Things That Go Tump in the Night...

We're sticklers for tradition here at Rockingham Forest Cider, particularly when it comes to work in the orchard. Not for us the rattle and cough of petrol-driven apple harvesting machinery, or new-fangled tractor operated tree shakers. No, it's a good old fashioned panking pole, and hand-raulic picking and bagging-up for us, and don't our aching bodies know it!

John's trusty Series 3 Landrover assists with the removal of fruit from the muddy orchard, but that's about as high-tech as it gets. We'd happily use a Horse for the job if we could persuade one to work for Windfalls & Beer like Paul & Sue do, but they're a bit fussy these 'Orses...

Anyway, we were forced to get really old-fashioned this weekend when someone (who shall for the time being remain nameless, pending her cooking the dinner tonight...) skimped on the carrot sacks when she packed the car, and left us with a bit of a fruity dilemma. An afternoon spent shaking and picking in Worcestershire, apples everywhere, and not a single bag to receive the rosy harvest. We had a choice. Give up the job and retire early to the pub (verrrrry tempting I must say), or resort to the old Ciderland practice of forming an Apple Tump in the orchard, and bag it all up another day.

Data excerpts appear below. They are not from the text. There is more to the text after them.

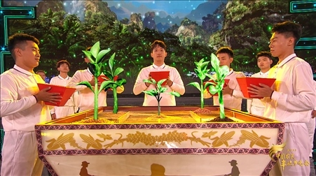 民以食為天,食以糧為先。2023年豐晚現(xiàn)場(chǎng),沿著五條金穗鋪展的“豐收大道”,五位育種專家將手捧五斗種子,把自主創(chuàng)新培育的棉花、小麥、玉米、花生、水稻種子,鄭重交給自己的學(xué)生,并和一批農(nóng)科大學(xué)新生代表共同完成一場(chǎng)別有深意的“中國(guó)種子傳承儀式”。種子最終被播入“五色土”,不僅種下代代傳承、年年豐收的美好心愿,更承載著一代又一代科研工作者不斷求索與接力、守護(hù)糧食安全的責(zé)任和使命。
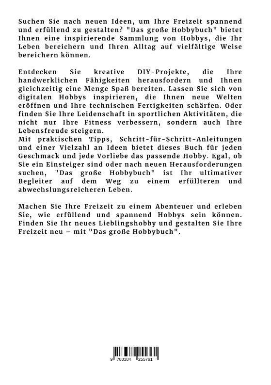 Suchen Sie nach neuen Ideen, um Ihre Freizeit spannend und erfüllend zu gestalten? "Das große Hobbybuch" bietet Ihnen eine inspirierende Sammlung von Hobbys, die Ihr Leben bereichern und Ihren Alltag auf vielfältige Weise bereichern können. Entdecken Sie kreat...
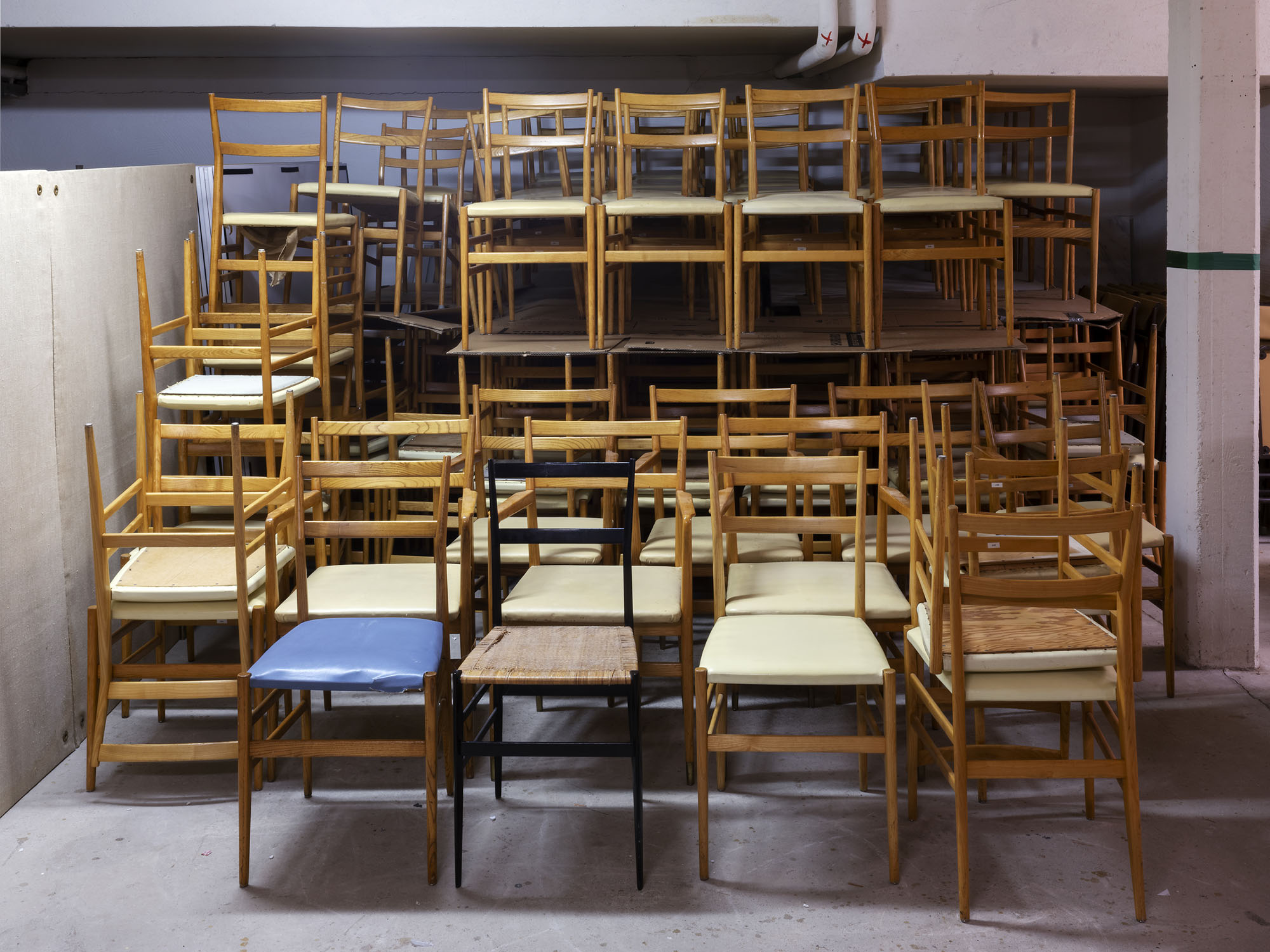 Nella chiesa del Suffragio, vediamo le immagini dei libri della collezione privata di Gordon Matta-Clark, conservati al Canadian Centre for Architecture di Montreal, che dialogano con il collegio universitario progettato da Giancarlo De Carlo per l’Università di Urbino. Oppure, la fotografia di un gruppo di Sedie Leggere e Superleggere di Gio Ponti, in un magazzino dell’Istituto Italiano di Cultura di Stoccolma, è accostata a una natura morta con pappagalli e frutta, in uno studio di architettura a Mumbai. E ancora, fuochi d’artificio e nature morte con funghi sono collegate a reperti del Museo Chileno de Arte Precolombino disegnato da Smiljan Radić a Santiago del Cile. Le fotografie di Graziani non solo rivelano luoghi, archivi e raccolte museali a cui solitamente il pubblico non ha accesso, ma li riattivano secondo logiche e prospettive del tutto soggettive.
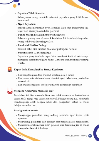 Menyangga payudara yang sedang tumbuh, agar terasa lebih
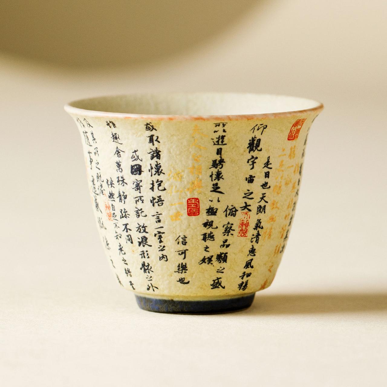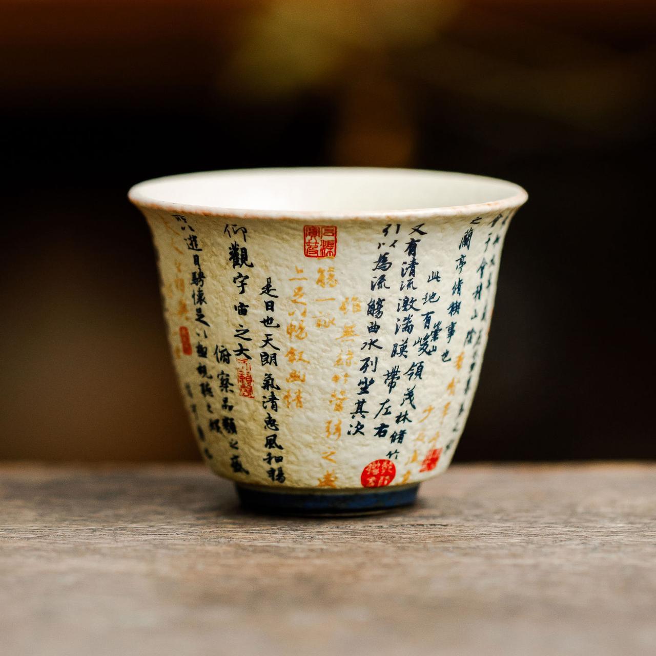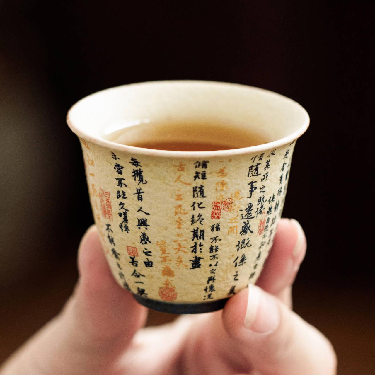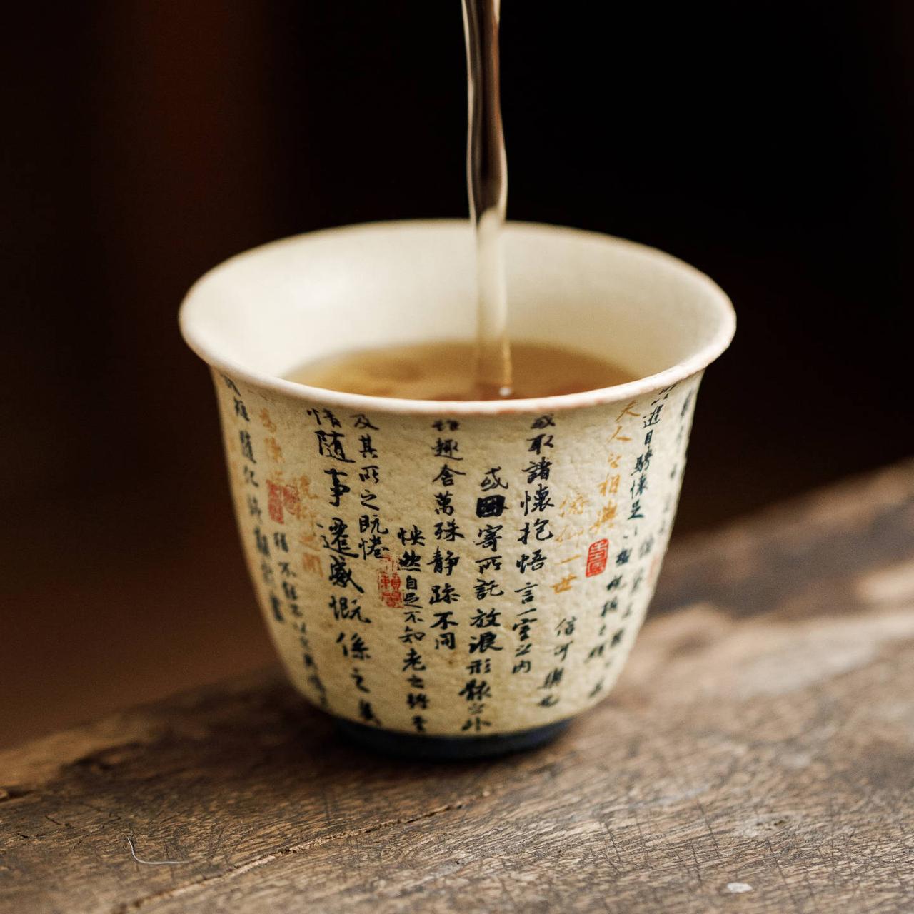 Витончена керамічна піала з традиційною китайською каліграфією та декоративним розписом у теплих відтінках. Компактний формат робить її ідеальною для дегустаційних проливів та уважного чайного ритуалу.
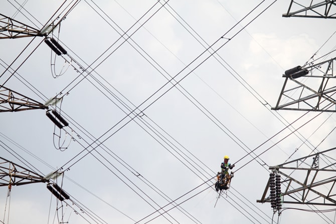 Petugas melakukan perawatan Saluran Udara Tegangan Ekstra Tinggi (SUTET) di Jalan KH Noer Ali, Bekasi, Kamis (26/11/2020). Perawatan dilakukan secara rutin untuk menjaga pasokan listrik tetap aman. Foto: Dery Ridwansah/ JawaPos.com
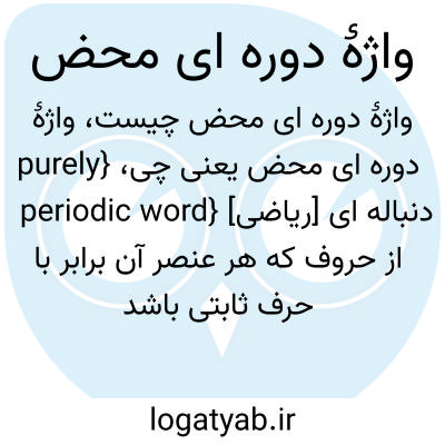 {purely periodic word} [ریاضی] دنباله ای از حروف که هر عنصر آن برابر با حرف ثابتی باشد
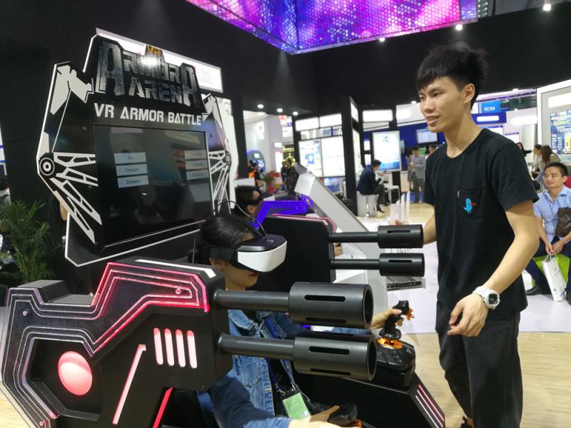 图:一家香港企业展出动感影院和虚拟现实设备/ 记者黄仰鹏摄

A Tump it was, and what a beautiful Tump it is if I do say so myself. The bigger pile of rosy apples are Dabinetts, a very high quality bittersweet cider apple which I spent most of the afternoon digging out of the long grass. The yellow apples are sharp, possibly bittersharp, and there to help lower the pH of the Yarlington Mill and Dabinett apples we'll be pressing in a week or two's time. Forming a Tump like this was a traditional way of 'sweating' the apples ahead of their journey to the ciderhouse. A week or two piled up in the orchard like this helped to ensure the apples were fully mature and ready for the press, with perhaps some moisture lost along the way to help ensure higher sugar levels in the juice.

Ours won't be there for long, and we've covered them over to protect from weather, wildlife and inquisitive walkers on the nearby Cotswold Way. We aim to collect them this Friday, and I've already posted a traditional Post-it note on the back door.... 'DON'T FORGET THE CARROT SACKS MISSUS'

4 comments:

Anonymous said...

We're beginning to think you're hinting at something...

Paul & Sue

Mark said...

Correct! I feel a Yarlington Mill weekend coming up...

Ray and Gail said...

Like the new look of your blog - very nice! Apple-bobbing background works well :-)

Hope the purist born-again fundametalist cider-makers don't have a go for washing your fruit first... ;-)

Mark said...

We only ever wash our apples in top quality Burrow Hill Cider. It's where the bittersweet flavour comes from in our cider, and of course purist cidermakers need to be appeased at all times.